Wrapping this technology with computer vision makes it more dynamic and gives a detailed interpreted approach to gesture recognition technology [3, 4]. It is an interdisciplinary science, which is making its way in innumerable sectors, from retail and security to automotive, health, agriculture, and banking industry. From a technical point of view, we try to automate the tasks that the human vision system can do [5]. In simple words, it can be explained as when a computer and/or machine is given the capability of sight.

Picking up the accelerated speed that technology is attainted today, when vision is hooked with certain algorithms, it transforms and takes a new step into another highly advanced field like machine and deep learning [6]. It grants the machine power of recognition of images, interpretation of images and solutions, and even learns in some cases [7].

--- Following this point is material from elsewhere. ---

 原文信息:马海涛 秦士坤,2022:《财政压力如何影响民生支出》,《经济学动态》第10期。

This project gives a detailed analysis and review of gesture recognition technology when approached by computer vision, focusing on creating hand gesture recognition and concepts like background subtraction, motion detection, thresholding, and contours [8]. These concepts are implemented using OpenCV and python and show how to segment hand region from a real-time video sequence. Furthermore, the program recognizes the number of fingers shown in the real-time video sequence and shows the output on the screen.

2 Literature Review

The ever-changing nature of data requires us to have different kinds of methodology for recognizing and deciphering a signal in numerous ways [9]. However, many methods depend on key pointers spoke to the three-dimensionally arranged framework [10]. A signal can be identified with precision in view of the overall movement of the gesture.

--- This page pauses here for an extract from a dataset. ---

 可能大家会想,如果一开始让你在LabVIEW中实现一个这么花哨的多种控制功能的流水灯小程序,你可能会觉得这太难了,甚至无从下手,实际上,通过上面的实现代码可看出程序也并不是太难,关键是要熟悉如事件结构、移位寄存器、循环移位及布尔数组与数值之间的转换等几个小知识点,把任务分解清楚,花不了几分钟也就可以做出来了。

The first step to translate development of the body will be to order them according to their basic properties and the message that the development may express [11]. Considering the conversations that take place with the help of gestures, every word or expression is communicated via them. Quek proposed in “Towards a Vision Based Hand Gesture Interface” a scientific classification that goes hand in hand with human–computer interaction (HCI) [12]. He divides them into the following so as to broadly categorize all kinds of motions:

2.1 Manipulative Gesture System

These kinds of system follow the traditional approach that was given by Richard Bolt, which is commonly known as “Put-That-There Approach.” Here, the system permits direct communication and allows the user to interact with big display objects that are in motion around the display screen [12]. The major characteristic of this system is that the gesture and the entity being controlled are coupled together and have a tight response in between each other. It is very similar to the direct interfaces that have been manipulated. However, the only difference in both is that there is a “device” present in this gesture system [3].

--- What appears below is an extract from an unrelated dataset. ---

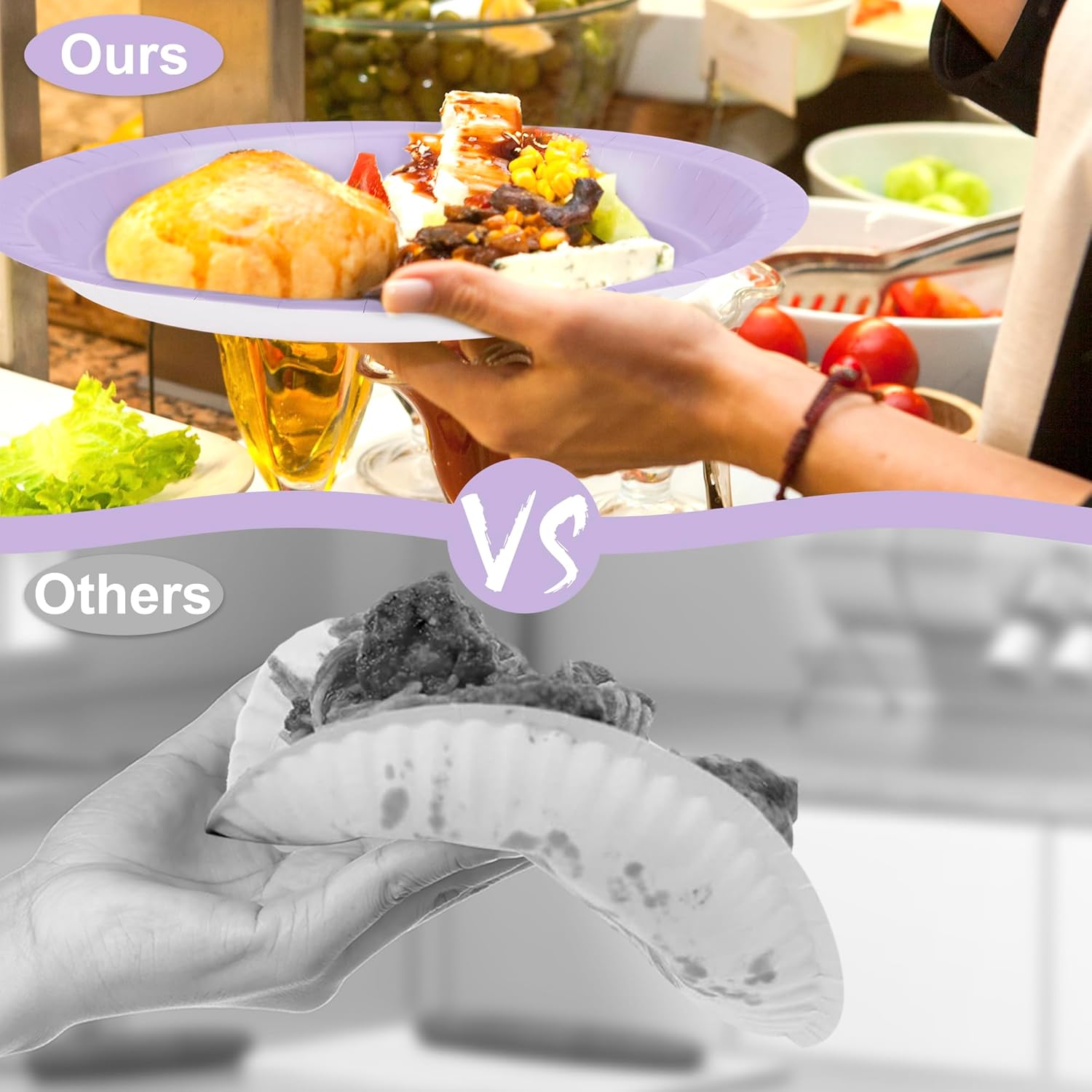 - Unique design - Disposable paper plates feature a light purple design, highlighting the fusion of comfort and fashion. Whether it's a simple family gathering or a joyful party, they can add great charm to your dining experience.

2.2 Semaphoric Gesture System

This gesture system approach may be called “communicative” as the gestures here can be said to be equivalent to numerous gestures that are used to communicate with a machine. Each gesture/movement/pose may have a particular and designated significance [12]. However, it is important to note that unlike sign language, which has their own syntax and dynamics, the semaphoric gesture system approach only comprises of isolated symbols [13].

Semaphores amount to a very small portion in the amount of gestures that are used in our day-to-day lives. But it is to be noted that they are frequently used in literature as they can most easily be achieved [14].

2.3 Conversational Gesture System

The gestures performed in due course of time by humans in their day-to-day life are known as conversational gestures. They come to us naturally, and the person making these gestures gives not a lot of thought [2, 12]. They do not have a particular or specifically fixed meaning and can be used in one more context unlike the semaphoric gesture system where all the signs and gestures have fixed syntax, grammar, and meanings. They are isolated symbols and are generally accompanied by language or speech [1]. Even though they are not consciously constructed by the human mind, they can still be determined by disclosure text, personal style, culture, social presence, etc.

3 Methodology

In this paper, a hand signal is perceived from a real-time video succession. To perceive the motions from a live arrangement, the first step would be to take out the hand area distinctly, evacuating the undesirable bits in the video succession [8]. In the wake of portioning the hand district, we at that point include the fingers appeared in the video succession to teach the robot dependent about the finger tally.

3.1 Hand Segmentation

The initial phase close by motion acknowledgment is clearly to discover the hand locale by taking out the various undesirable segments in the video arrangement [15]. After an amount of processing has already taken place, it is determined what areas of the image or what particular pixels are relevant for the process to move further.

3.2 Background Subtraction

In the first place, we need an effective technique to separate closer view from foundation. To do this, we utilize the idea of running midpoints [14]. We make our framework to investigate a specific scene for 30 outlines.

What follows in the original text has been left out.